If there had been any doubts that I was in another country, they were erased when the first reviews of Mel Gibson's "The Passion of the Christ" began to appear in the London press.
While there was a mixture of praise and repugnance (just like the United States), with negative voices drowning out the affirmative ones, film critics and reviewers in London generally bypassed the Jews in their deconstruction of the film.
Missing in most of the reviews was any recognition of Jewish concerns -- except, of course, in the pages of the Jewish Chronicle, the community's local weekly newspaper, which devoted several issues to describing the responses of the editor, the columnists and the community: A terrible, inaccurate and anti-Semitic film, they argued. That community apparently is small enough to be hidden from view -- 300,000 out of a population of 58 million with two-thirds living in greater London, and a large percentage of that number secular and unaffiliated. The end result is that Britain's affiliated Jews are not a significant enough presence in society to merit concern. We are, to quote one Jewish community leader, simply invisible.
This has its ironic side today. Jews have made incredible strides within Britain over the past 40 years. Ever since Margaret Thatcher's days as the Tory Prime Minister of Great Britain in the 1980s, Jews have taken on an active role in the British establishment: They figured prominently in Thatcher's Cabinet, and began to play an increasingly significant role at the bar and the judiciary, as well as in publishing, science and the press. Today, to everyone's astonishment (in the Jewish community) the leader of the Conservative Party and perhaps the next prime minister, Michael Howard, is Jewish; as is Michael Grade, the newly appointed director of the powerful BBC; while Sir Malcolm Rifkind, a former foreign secretary who, after seven years away from politics, has returned and is expected to rejoin the Conservatives in Parliament.
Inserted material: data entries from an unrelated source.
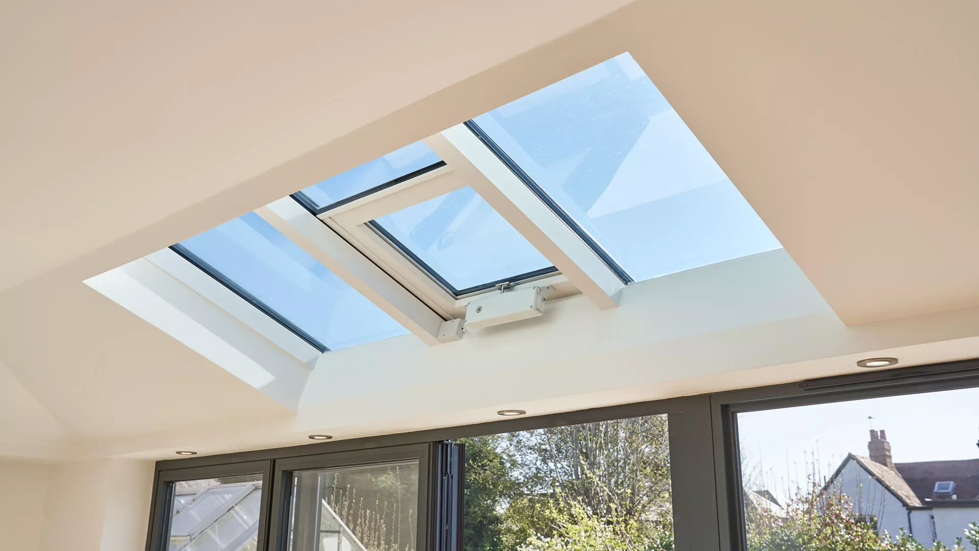 As you give it a push along the stainless-steel runners, it almost feels like it’s floating across. Kept in a closed position, the oversized glass panelling will continue to lure in ample light, whilst the product protects the extension against intrusion.
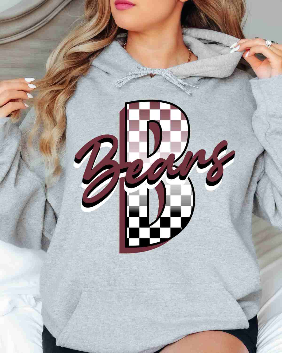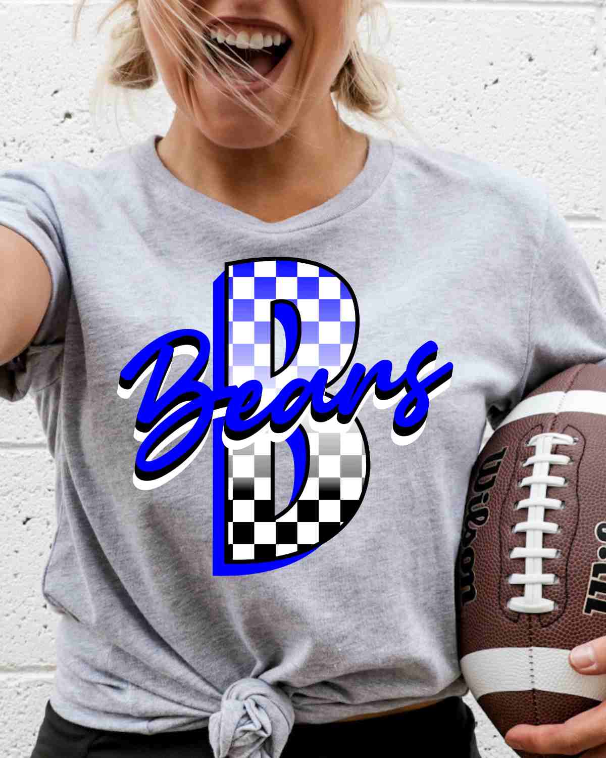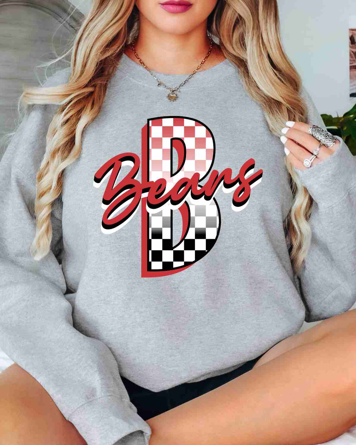 Are you looking for a custom heat transfer design for your apparel? Look no further than Rustic Grace Heat Transfer Company! Our Bears Checkered Letter Transfer is perfect for adding school spirit, sports, or mascot to t-shirts. It can easily be applied to any colored fabric with our easy application dtf transfer. It has a high-quality color vibrancy and can be applied with a heat press.
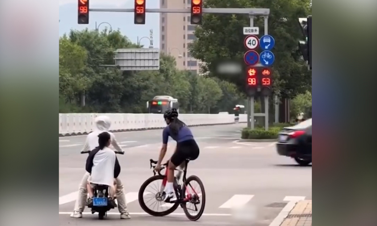 Khi dừng lại chờ đèn đỏ, thay vì chống chân xuống đất, cô gái và sau đó là chàng trai đã giữ thăng bằng một cách hoàn hảo trên chiếc xe. Cô gái đứng yên tại chỗ, không hề nhúc nhích trong suốt gần một phút. Mặc dù xung quanh có nhiều phương tiện khác, cô vẫn cực kỳ tự tin và giữ thăng bằng một cách điêu luyện. Sau đó, một chàng trai đạp xe đến và cũng cho thấy khả năng giữ thăng bằng điêu luyện của mình.

How invisible can that be?
The problem is that nothing comparable to the American Israel Public Affairs Committee (AIPAC) or the Conference of Presidents of Major Jewish Organizations or the Anti-Defamation League exists in Great Britain. There is little Jewish political clout. The organized Jewish community is represented by a Board of Deputies, which consists of synagogue and organizational leaders. But it is not a commanding lobby group with powerful ties to the political institutions of the nation.
Nor is there a sense within the national press and television stations that Jewish issues are part and parcel of the national political dialogue. When BBC 4 aired a television program that discussed in detail Jewish anxieties and criticism of Gibson's "The Passion," the footage was filled with clips from the U.S. showing prominent American Jewish figures, such as Rabbi Marvin Hier of the Wiesenthal Center in Los Angeles, speaking out against the film. Indeed, one telling newspaper review featured a critic who explained that he took along a Jewish friend to the film's screening, but then was baffled when the friend complained that some scenes were anti-Semitic. The reviewer did not like the film, but failed to understand how anyone could view it as directed against the Jews.
Perhaps that explains the intellectual attack that appeared in The Spectator, a conservative weekly opinion magazine.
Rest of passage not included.